Those Americans who favor a single-payer health care system have often considered Canada a great success in providing quality health care while controlling costs. Canadians are now questioning both, especially the cost. The provinces, which contribute a significant portion of those costs, are considering ending some services and curtailing others, because ballooning costs have exposed the present system to be unsustainable.
Under pressured from an aging population and the urgent requirement to control increasing budget deficits, Canada’s provinces are promulgating tough measures to curb health care costs, which could erode the principles of the state-funded system:
1.Ontario began a fierce battle with drug companies and pharmacies when it said it would cut generic drug prices by 50% and eliminate “incentive fees” to generic drug manufacturers.
2.British Columbia is doing away with block grants to hospitals and replacing them with fee-for-procedure payments.

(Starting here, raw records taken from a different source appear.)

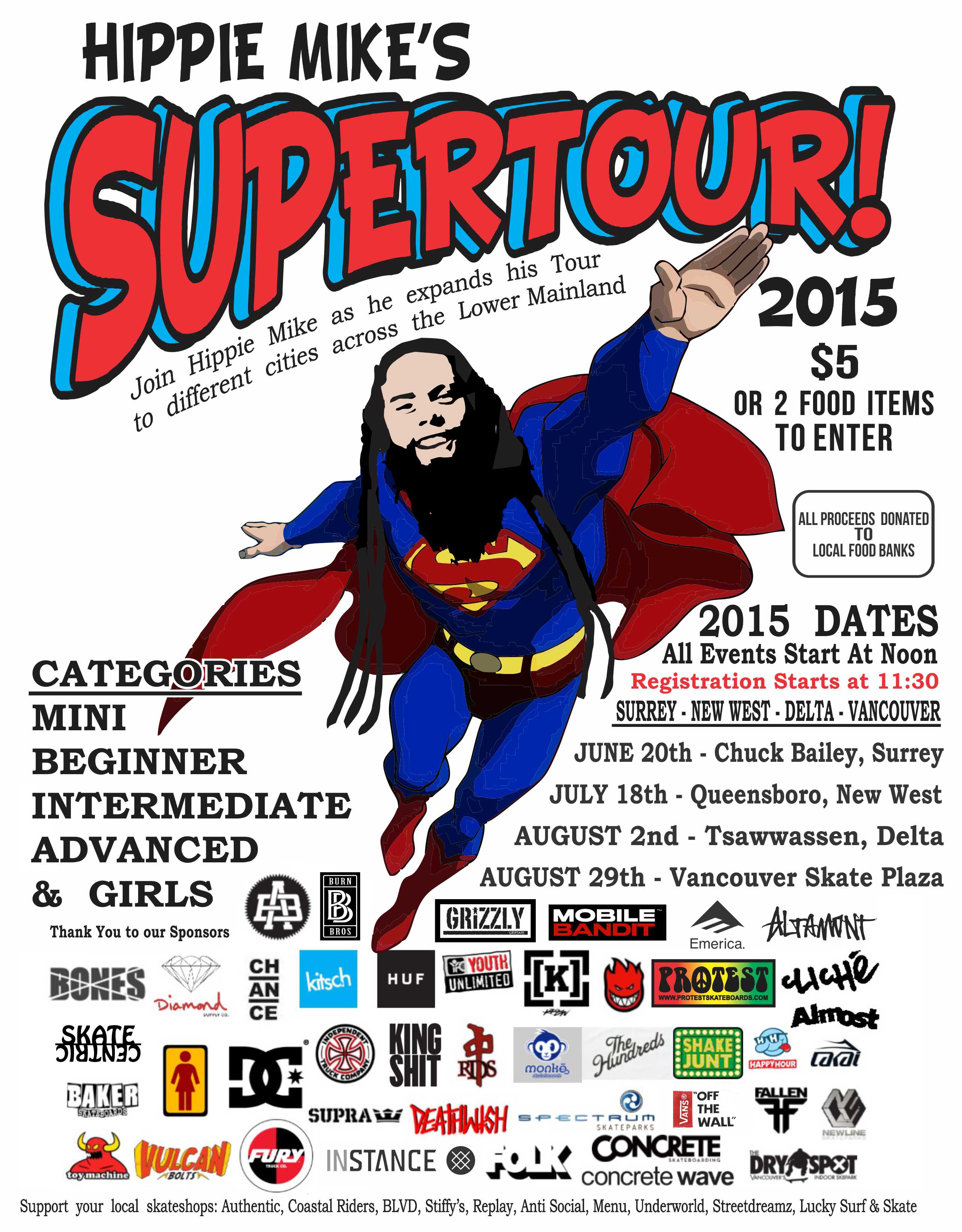 Hippie Mike’s Super Tour is back for the second year and the dates are set along with the 4 locations being locked down. This year is going to be amazing as Mike is preparing to hold contests at 4 of the best made skate parks in the Lower Mainland / Fraser Valley.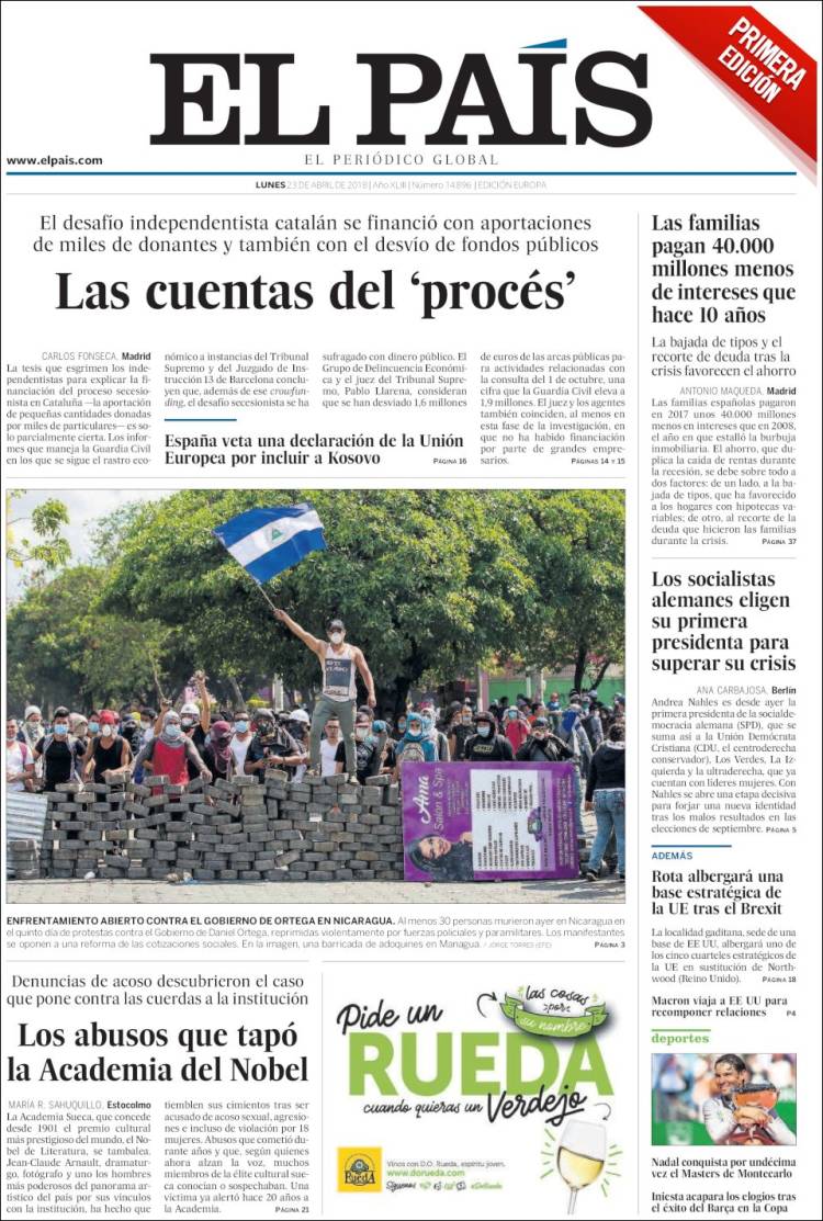 El País insisteix amb “Las cuentas del procés”. El rotatiu assegura que el procés independentista es va finançar amb aportacions de milers de donants i també “amb desviaments de fons públics”. Malgrat que Rajoy i Montoro hagin repetit que l'1-O no es va finançar amb diners públics, la caverna mediàtica espanyola compra la tesi de Llarena i insisteix en la malversació del govern de la Generalitat.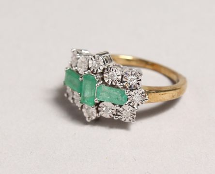 A GOOD 9CT GOLD, DIAMOND AND EMERALD RING.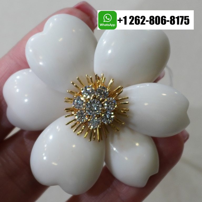 An exquisite and timeless creation by Van Cleef & Arpels, this Van Cleef & Arpels Rose De Noel White Coral Flower Brooch Large Model is crafted in rich 18K yellow gold and adorned with delicately carved white coral petals. Inspired by the quiet beauty of a winter bloom, the floral design radiates refined elegance and showcases the Maison’s exceptional artistry and enduring sophistication. Collection: VCA Rose De Noel Coral Brooch Metal: 18k yellow gold (Weight approx 31.5 g) Diamonds: 8 diamonds totaling 1.62ct Gemstones: 6 white coral Size: 50mm x 54mm LEXGA jewelry a professional jewelry & watch Manufacturer in […]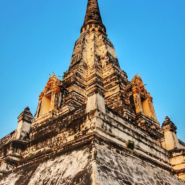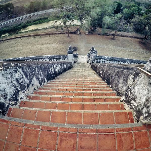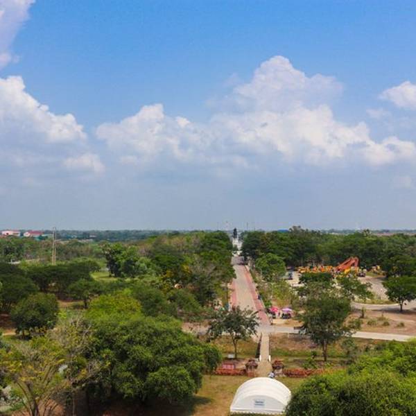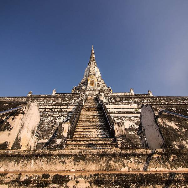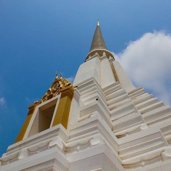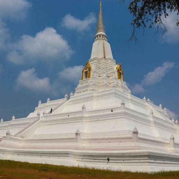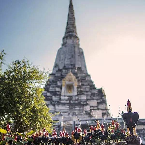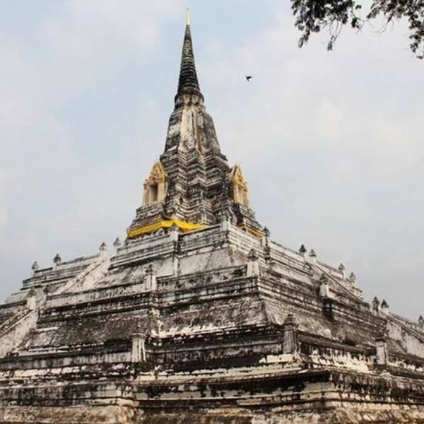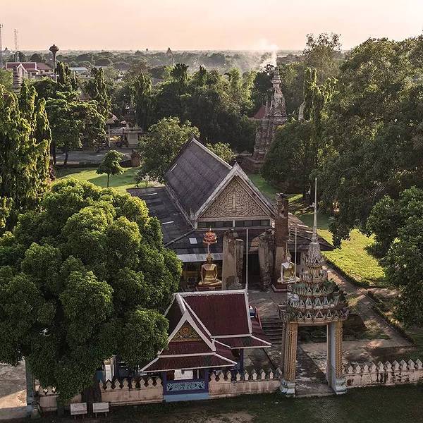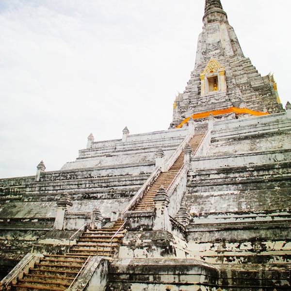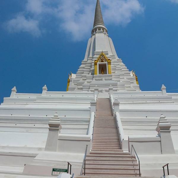 普考同寺建于1387年,寺内有一座高90米的泰式方型佛塔,此佛塔采用2.5公斤黄金装饰,非常壮观。佛塔每层都有宽两米左右的回廊,游客可以在这里登上佛塔,俯瞰大城的风景。这座寺相比其他寺庙更加安静和谐,也许是因为这个地方离城区相对较远,游客也比较稀少,周围都是水田,充满着田园气息。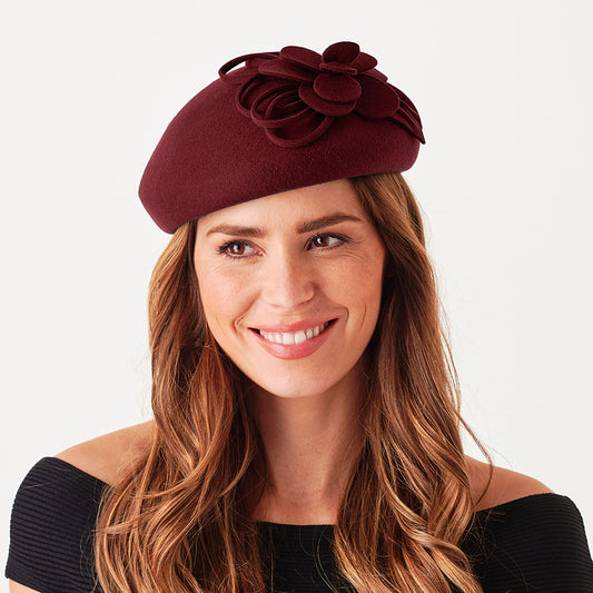Failsworth Marina Blocked Baskenmütze aus Wollfilz - Weinrot
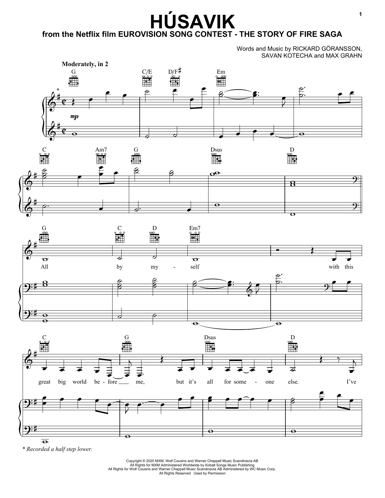 Download or print Will Ferrell & My Marianne Húsavik (from Eurovision Song Contest: The Story of Fire Saga) sheet music, chords and digital score arranged for Piano, Vocal & Guitar Chords (Right-Hand Melody). This Film/TV score includes 6 page(s).
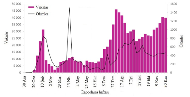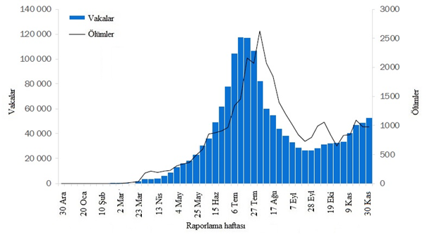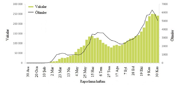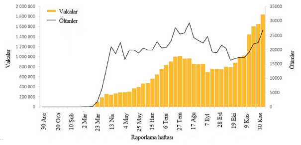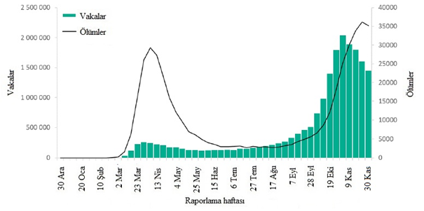 Şekil 6: DSÖ Avrupa Bölgesi tarafından 6 Aralık 2020 itibarıyla haftalık olarak bildirilen COVID-19 vakalarının ve ölümlerin sayısı**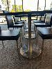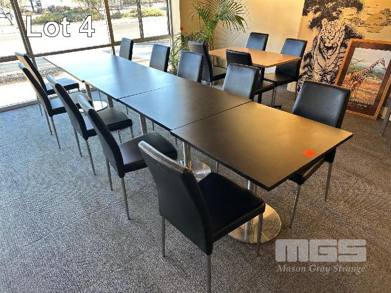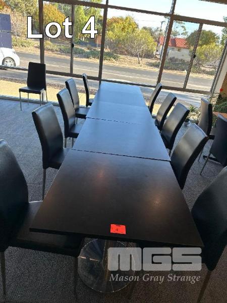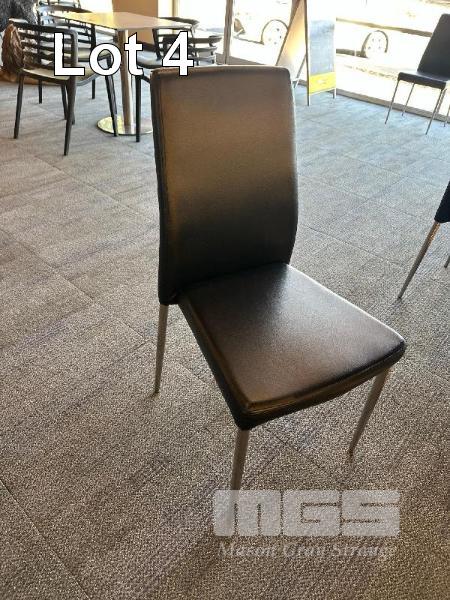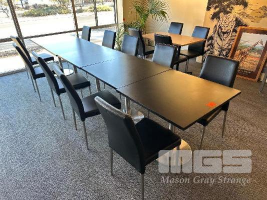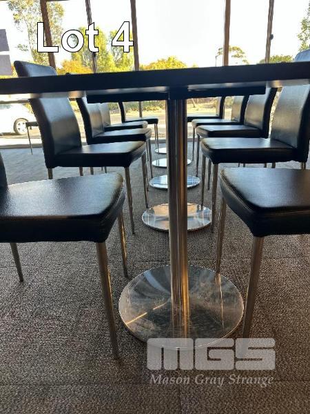 5 x CAFE TABLES, BLACK TIMBER LAMINATE TOP, CHROME PEDESTAL BASE, 800 x 800mm 10 x HIGH BACK DINING CHAIRS, BLACK VINYL, CHROME LEGS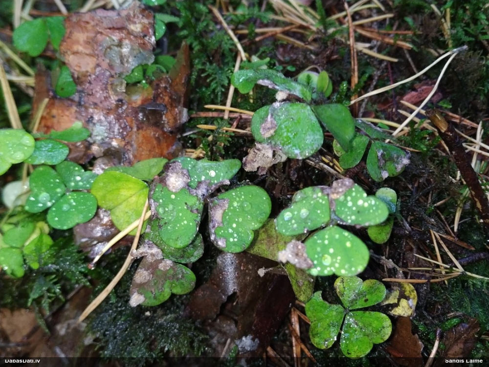 Notes/zaķkāposti, blakus rūsaine, arī stāvaine, priedes zariņš, p7 sausumā zem pārkārušās priedes kritalas

3.Quebec has established a flat health tax and has proposed instituting a payment program for each medical visit.
4. Several provinces are now experimenting with private funding for hip, knee, cataract, and other surgical procedures.
And since senior citizens will make up 25% of the population by 2036, there will likely be more changes as the provinces, responsible for delivering health care, deal with their demands.
Is the current system unsustainable? The system has long wait times and high rationing hurdles for expensive services, those most likely to be used by the elderly. Costs have increased well above inflation, at 6% a year. Canada’s system has trouble with instituting new technologies and treatments while coping with arbitrary allocations made by the political process. Thus, the care for seniors will likely be hardest hit in this looming financial crisis.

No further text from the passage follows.